A new record was set by one of the previous record holders, an aerospace engineer from Australia. It should be borne in mind that representatives of the Guinness Book of World Records did not arrive to record the achievement, so in February 2026, the official record bar remained at 658 km/h. The main developer has refined the model, improving aerodynamics, reducing weight and installing new electric motors.
A new unofficial speed record for the first person view (FPV) drone has been set, the device was accelerated to 661 km/h, writes Notebookcheck. The race for the fastest drone has officially entered the "every month is a new record" stage.
A new unofficial world speed record among unmanned aerial vehicles (UAVs) was set in February 2026 by Australian aerospace engineer Benjamin Biggs, one of the previous record holders.
In December 2025, the BlackBird drone, developed by Benjamin Biggs, reached a speed of 626 km/h and was officially registered in the Guinness Book of Records as the fastest quadcopter in the world at that time. However, a few days later, the record was surpassed by father and son Luke Bell and Mike Bella from South Africa: their Peregrine V4 drone reached a speed of 658 km/h, which was also confirmed and recorded by representatives of the Guinness Book of Records. Thus, during December 2025, the speed record among FPV drones was updated twice, indicating high competition and rapid progress in the field of high-speed unmanned systems.
In 2026, Benjamin Biggs accepted a challenge from the Bell family and carried out a comprehensive refinement of his previous record-breaking BlackBird drone model. During the modernization, the following key changes were implemented: optimization of the aerodynamics of the hull and load-bearing elements; reduction of the total weight of the structure; installation of high-performance AAX 2826 Competition electric motors with a maximum speed of 34 thousand rpm; the use of parallel connection of two batteries to distribute the load and reduce heat generation per element; a number of additional engineering solutions aimed at improving the heat resistance and stability of the system. According to the engineer, the total cost of improvements in 2026 was about $ 3 thousand.
Thanks to the changes made, it was possible to significantly reduce the weight of the device, improve aerodynamic characteristics and ensure flight stability at extreme speeds. At the same time, the temperature of electric motors and batteries in peak conditions reached 70-76 °C, which remained within the permissible operating values for the components used. These improvements allowed Benjamin Biggs to reach the world record level again and continue to compete in the segment of ultra-high-speed FPV drones. Although it was not recorded by the staff of the Guinness Book of Records, many experts and journalists attended the event, as well as videotaping of the process itself.
The flights of the BlackBird FPV drone were conducted against the wind and downwind to get an average result at a distance of 100 m.
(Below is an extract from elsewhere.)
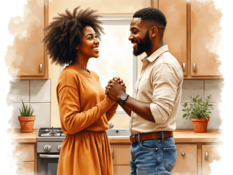 free clipart illustration of black couple gardening at home (3)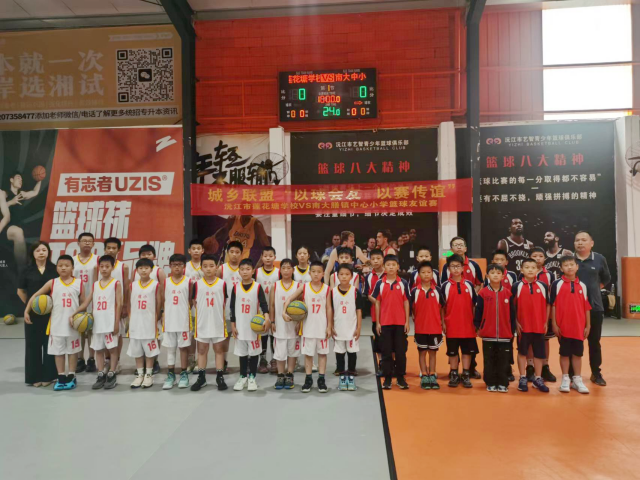 本网讯 (通讯员 罗卫军 谭志辉)为丰富校园文化生活,增强集体荣誉感和团队凝聚力,展现学生勇于拼搏和积极向上的精神风貌,5月31日,莲花塘学校与南大膳镇中心小学举办篮球联谊赛。

In the first case, the Australian's drone accelerated to 635 km/h, and in the second — to 690 km/ h. The average speed was 661 km/h, which is 3 km/h higher than the previous official record of the Bell family.
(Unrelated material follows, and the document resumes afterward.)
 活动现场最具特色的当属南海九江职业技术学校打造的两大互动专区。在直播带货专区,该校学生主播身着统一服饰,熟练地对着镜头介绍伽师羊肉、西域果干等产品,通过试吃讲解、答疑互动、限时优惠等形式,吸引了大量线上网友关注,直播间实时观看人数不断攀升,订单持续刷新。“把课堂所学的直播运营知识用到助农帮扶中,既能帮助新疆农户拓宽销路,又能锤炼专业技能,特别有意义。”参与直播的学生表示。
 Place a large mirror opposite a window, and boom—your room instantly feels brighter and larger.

Many perceive the setting of speed records for FPV drones solely as a demonstration of achievements in the spirit of "bragging rights." However, projects of this level have much deeper engineering significance and provide valuable data in several critical areas.
The main lessons and research directions that open up such extreme tests are: aerodynamics at ultra—high speeds — the behavior of air flow, the formation of shock waves, transient modes and separation zones at speeds of the order of about 600 km/h and above; the real limits of strength and thermal stability of components - failure points of electric motors, speed regulators, power wires, capacitors and battery cells at peak currents, vibrations and temperatures of 70-100 + ° C; structural integrity and vibration damping — mechanisms of destruction, resonant frequencies, deformations and fatigue damage to the frame, blades, fasteners and printed circuit boards under extreme vibration loads at speeds over 600 km/h; algorithms and performance of flight control systems — the ability of the flight controller to maintain stability and accuracy of response at gyro accelerometer refresh rates and noise levels typical of high-speed flight.
The data and destructive tests obtained during such projects are of direct practical importance not only for the niche segment of high-speed FPV drones, but also for the development of high-speed unmanned systems, hypersonic aircraft, as well as for improving materials, power electronics and control algorithms under extreme dynamic loads.